Microsoft published the Microsoft Security Bulletin Advance Notification for July 2010--revealing a relatively light month for patching. This coming Patch Tuesday will have only four security bulletins, but it's a crucial day for many IT administrators, as it also marks the end of Microsoft support for Windows 2000 and Windows XP SP2.
Of the four scheduled security bulletins, three are rated as Critical, while the remaining one is Important. Two of the Critical security bulletins impact Windows, and the other two security bulletins affect Microsoft Office.
Wolfgang Kandek, CTO of Qualys, clarifies the security bulletins affecting the Windows operating system in a blog post. "The first one is for Windows XP and 2003 and fixes the Windows Help and Support Center vulnerability published by Tavis Ormandy in a much discussed full disclosure move. Microsoft showed some impressive turnaround time on that patch."
Kandek continues, describing the other security bulletin related to Windows, which also addresses a zero-day vulnerability. "The second bulletin fixes a problem in the AERO display driver component for Windows 7 and Windows Server 2008 R2, which was disclosed publicly earlier in May."
The security bulletins themselves might be overshadowed by the expiration of support for Windows 2000 and Windows XP SP2. Many companies still rely on these archaic, yet capable platforms. Continuing to use them beyond next Tuesday, though, will be a little like playing Russian roulette because without support the platforms will become increasingly less stable and more insecure.
For businesses still using Windows XP SP2, the end of support means no new security updates, no new non-security hotfixes, and no access to Microsoft's product development resources. The solution for businesses still using Windows XP SP2 is relatively simple, though--just apply SP3, which is still supported.

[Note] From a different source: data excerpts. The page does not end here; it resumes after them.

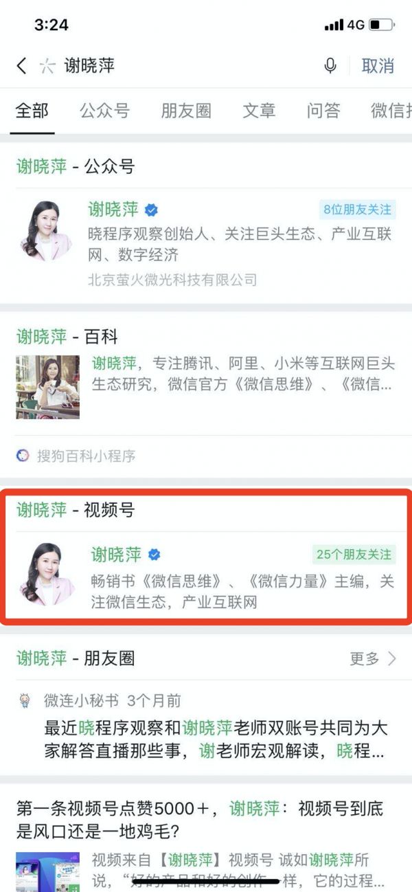 可以猜测的是,如果有名称重合度较高的其他视频号也在搜索结果页里显示,“同台竞技”的情况下,好友关注的数量多的那个,排名会靠前。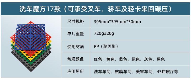 正和17款洗車魔方具有大孔徑排水和排泥沙的功能,下方支撐空間更大,鎖扣更加牢固,鋪裝方便快捷,效果美觀大方,解決了地下室、地暖系統(tǒng)的洗車難題,成為洗車車間地面的全新選擇。洗車魔方集玻璃鋼格柵的超強(qiáng)承載,排水排沙功能和拼接格柵的色彩絢麗,安裝方便功能于一身,是一款真正免挖溝一次性解決洗車間地面問題的超高性價比產(chǎn)品!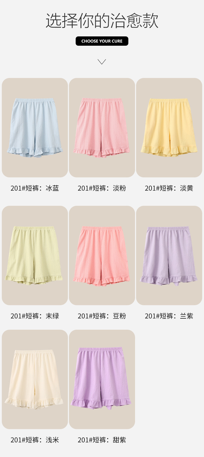 잠옷 여성의 여름면 얇은 느슨한 대형 반바지 블루 단색 다섯 번째 바지 홈 반바지 코튼 홈 바지스토어 가기

Businesses still running Windows 2000 face a more difficult challenge. As of July 13, 2010, there will be no new security updates, non-security hotfixes, or option to engage Microsoft product development resources, just like Windows XP SP2.
In addition, though, Windows 2000 will no longer have access to free or paid support options, and there will be no further updates to online support content. The solution for Windows 2000 is not as easy either. Companies still using Windows 2000 will have to upgrade to a more recent operating system--ideally Windows 7--in order to continue running a supported platform.
Microsoft urges businesses still using Windows 2000 or Windows XP SP2 to transition to a supported operating system. "Unsupported products or service packs pose a significant risk to your computer's security. Therefore, Microsoft advises customers to migrate to the latest supported service pack and/or product prior to the end of support. Our latest products, such as Windows 7 and Windows Server 2008 R2, provide greater security, reliability, environment-friendly features, and a host of other benefits."